[COLLECTED DATA — start]
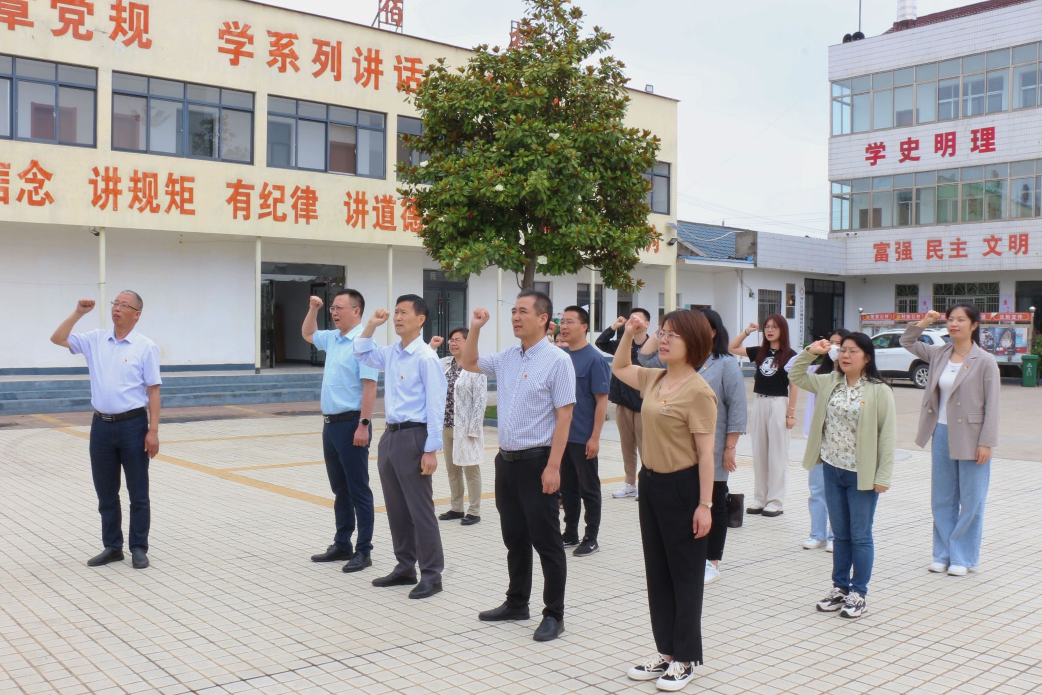 随后,大家来到渡江战役回民村起渡点纪念碑前,感受先烈艰苦奋斗、公而忘私、不计得失的革命精神。“我志愿加入中国共产党,拥护党的纲领,遵守党的章程……”党员们面对党旗重温入党誓词,短短12句誓词,铿锵有力,充分展现了党员干部坚决拥护党的领导的决心和传承革命精神的理想信念。
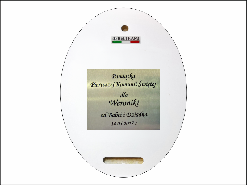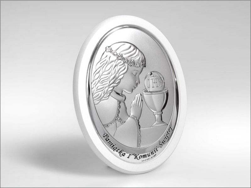 Srebrny Obrazek "Pamiątka I Komunii Św. dla dziewczynki owalny na drewnie z podpisem 6571AW".
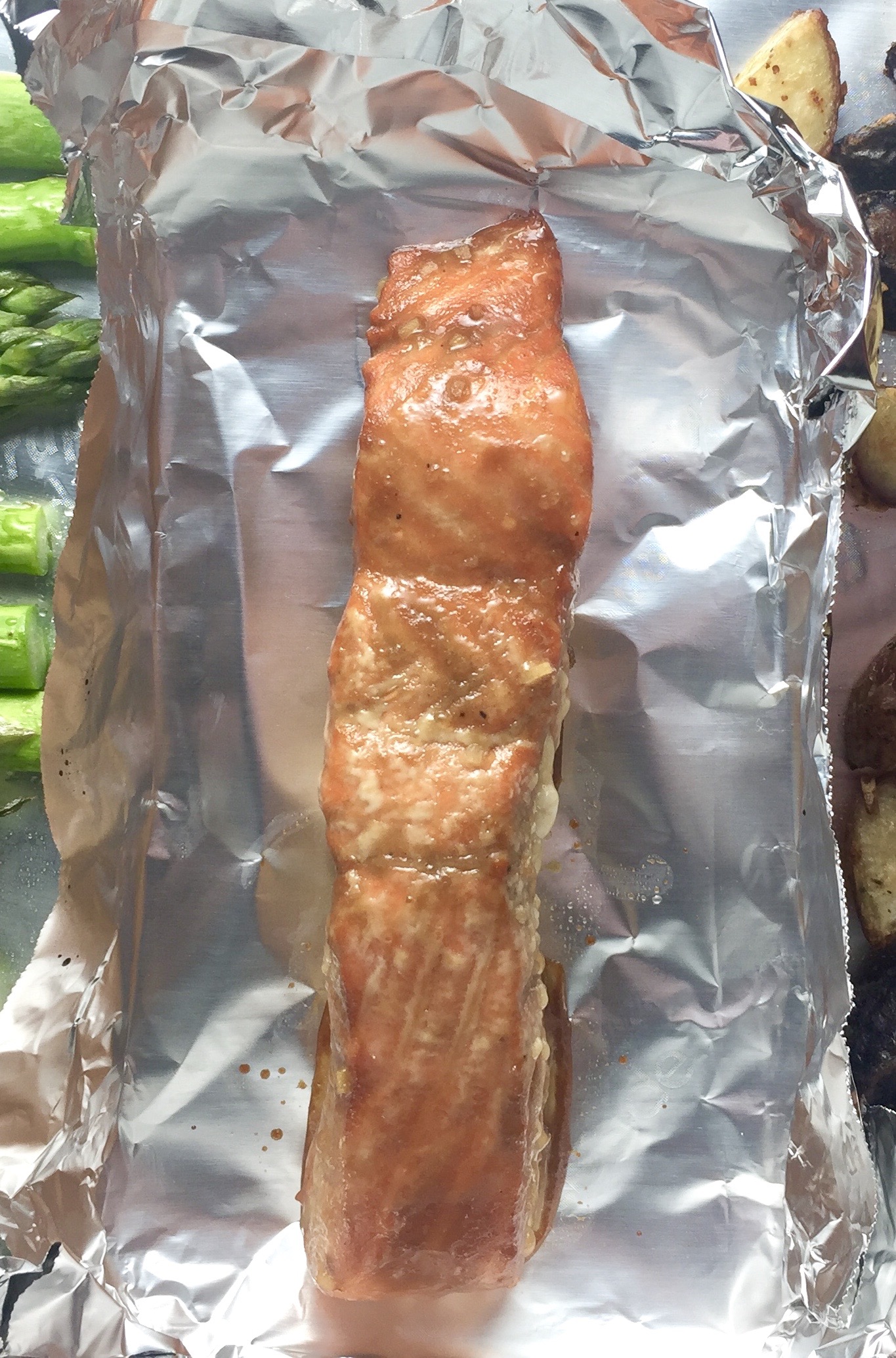 - Transfer to plates; spoon any thickened sauce from the foil over the salmon.
[COLLECTED DATA — finish]
### REQUIRED WORK
Everything from the line with "I Komunii Św." through the last line of the listing should be retyped exactly, with both end lines kept and the pictures left out.

### ANSWER TO THIS TASK
 Srebrny Obrazek "Pamiątka I Komunii Św. dla dziewczynki owalny na drewnie z podpisem 6571AW".
 - Transfer to plates; spoon any thickened sauce from the foil over the salmon.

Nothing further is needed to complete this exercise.